- Born: 1917 or 1918
- Died: 12 September 1979 (aged 61) Brisbane
- Cause of death: Suicide
- Citizenship: Australia
- Occupation: Court reporter
- Years active: 1950s–1979
- Known for: Allegedly having sexual interactions with 2,500 male adolescents

= Clarence Osborne scandal =

Australian sex scandal

Clarence Howard-Osborne (1917 or 1918 – died 1979) was an Australian court reporter who is estimated to have interacted sexually with about 2,500 male adolescents. Osborne was reported by multiple investigations to have related sexually with an estimated number of 2,500 male teenagers over a period of about 20 years, including with some youths belonging to prestigious families from Brisbane. Some of the boys he allegedly interacted with continued to engage sexually with him during their adulthood. He died by suicide on 12 September 1979, one day after he was questioned by police for allegedly taking photographs of a nude boy. Osborne was never convicted of any sexual crime during his lifetime.

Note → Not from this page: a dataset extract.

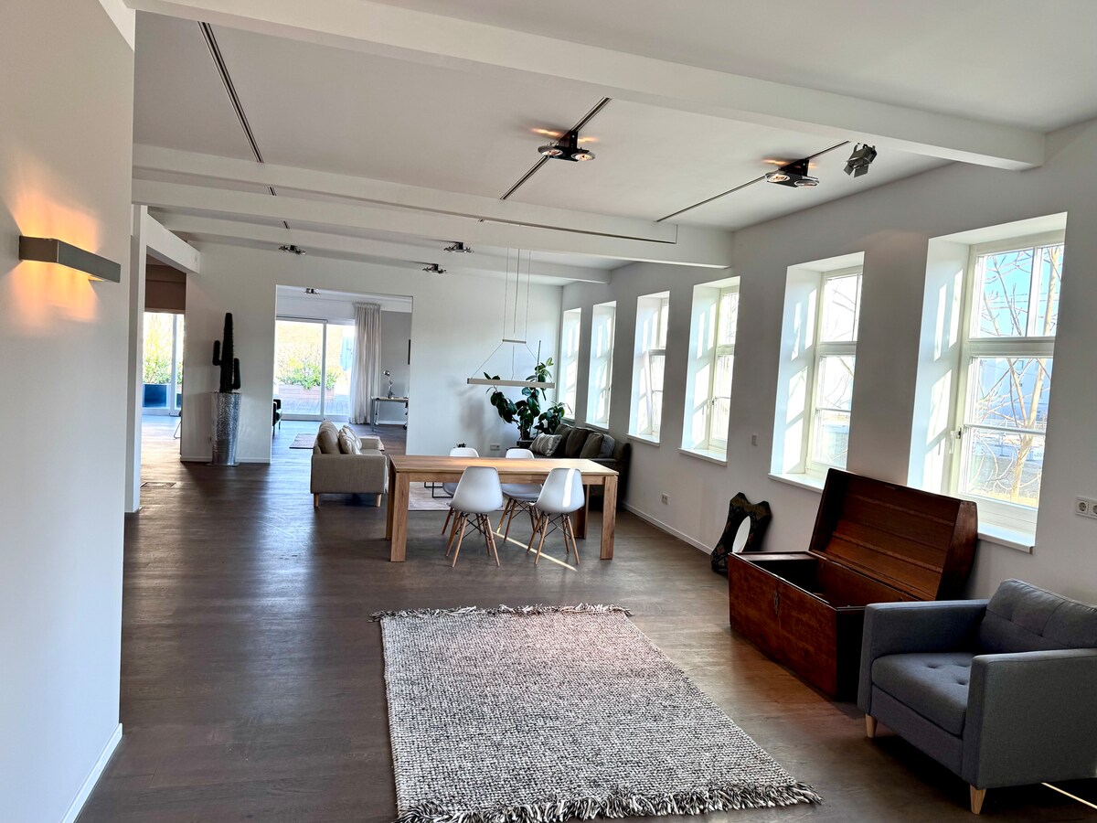 U staroj fabričkoj zgradi, usred Hamburga, nalazi se ova prelepa lokacija na 260 kvadratnih metara. Sjajni betonski podovi, stari fabrički prozori, zakrivljeni plafoni koji podsećaju na Njujork potkrovlje vas čekaju na boravak u Hamburgu. - Tri odvojene spavaće sobe (bez zavjesa) - Otvorena kuhinja za nekoliko osoba - Velika soba dužine 20 metara za male događaje - Vozom za 14 minuta /centar Hamburga - Automobilom za 7 minuta u Außenalsteru

The affair was covered by news outlets including Truth, The Sunday Mail and ABC's Four Corners. It also inspired a 1987 play by Australian playwright Kevin Nemeth, in which fictional character Graham Hamlyn plays a role similar to Osborne's real life deeds. Osborne was also the main subject of 1981 criminology book The Man They Called a Monster, published by Cassell Australia. According to Gary Dowsett, Osborne's scandal was an early catalyst of the debate regarding sexual attraction to minors among the Australian media.